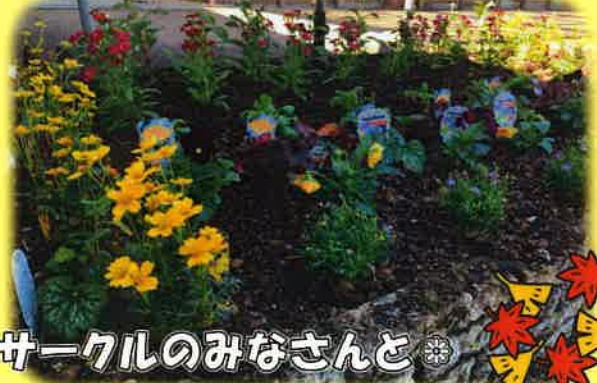
ボランティア、子育てサークルのみなさんと
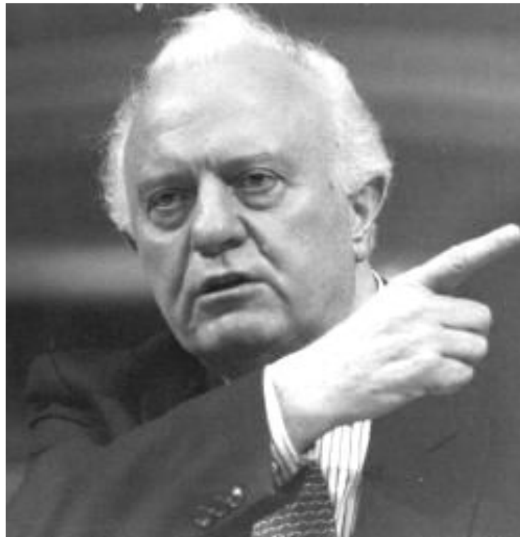
Министр иностранных дел СССР Э.А.Шеварнадзе.

Эти идеи были сформулированы в книге М.С.Горбачева «Перестройка и новое мышление для нашей страны и для всего мира».

○ ○ ○

- **WHAT IS REQUIRED**: Output each line exactly as shown above; no pictures go in the copy.

- **RESPONSE TO THIS EXERCISE**:
ボランティア、子育てサークルのみなさんと
Министр иностранных дел СССР Э.А.Шеварнадзе.

Эти идеи были сформулированы в книге М.С.Горбачева «Перестройка и новое мышление для нашей страны и для всего мира».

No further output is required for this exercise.